§ **Problem description**: Pictures in the data below are not part of the copy; transcribe everything else exactly.

§ **Collected data**:
┄┄┄┄┄┄┄┄┄┄┄┄┄┄┄┄┄┄┄┄
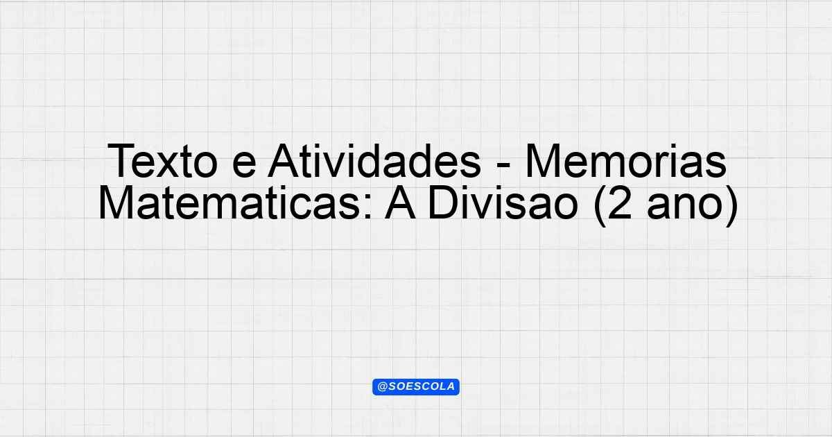 Continue lendoNesta postagem vamos disponibilizar um texto e atividades para trabalhar com alunos do 2º ano na disciplina Matemática. Tema: divisão
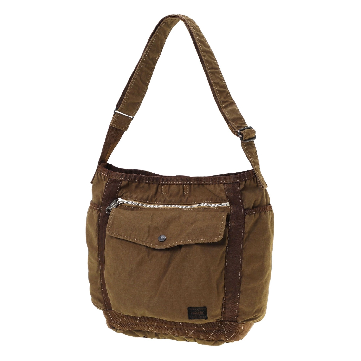 PORTER CRAG 為吉田包的日系製品染系列,使用尼龍與棉混紡織成的高密度斜紋布,結合倉敷地區職人的染色技術,展現自然皺感與豐富層次的色調,每件成品皆獨一無二。
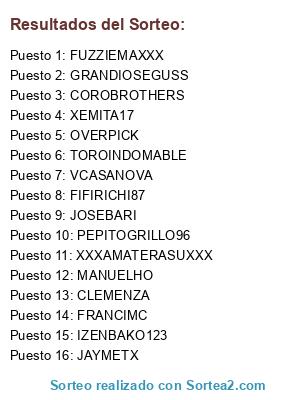 Lista de participantes: Abraveses, adrylito, aladino, alead71, carlosbode10, cazaplanetas, crls, Darkanesp, dijouspaella, DmonSTN, dsanze, edumacca, ferminnn, finestrat, Flywoods, fran lizanco, Garytto, jordi garcia, Jotaveh, kapykua666, K4yser87, linho85, Marvl03, mikelo1982, MrMohamRam, mrtsgi, NandoBel78, Negruxo, NURHIO, ooMERCENARIOoo, outlander, pakiu123, PIN PAN PON PUN, punkythc, RICHIMG, ricre 5, Rikel, Rincon, Robertako, TATO XD, ulimoreno, victub, xemita17, RESERVA 1, RESERVA 2.
┄┄┄┄┄┄┄┄┄┄┄┄┄┄┄┄┄┄┄┄
§ **Expected answer**:
 Continue lendoNesta postagem vamos disponibilizar um texto e atividades para trabalhar com alunos do 2º ano na disciplina Matemática. Tema: divisão
 PORTER CRAG 為吉田包的日系製品染系列,使用尼龍與棉混紡織成的高密度斜紋布,結合倉敷地區職人的染色技術,展現自然皺感與豐富層次的色調,每件成品皆獨一無二。
 Lista de participantes: Abraveses, adrylito, aladino, alead71, carlosbode10, cazaplanetas, crls, Darkanesp, dijouspaella, DmonSTN, dsanze, edumacca, ferminnn, finestrat, Flywoods, fran lizanco, Garytto, jordi garcia, Jotaveh, kapykua666, K4yser87, linho85, Marvl03, mikelo1982, MrMohamRam, mrtsgi, NandoBel78, Negruxo, NURHIO, ooMERCENARIOoo, outlander, pakiu123, PIN PAN PON PUN, punkythc, RICHIMG, ricre 5, Rikel, Rincon, Robertako, TATO XD, ulimoreno, victub, xemita17, RESERVA 1, RESERVA 2.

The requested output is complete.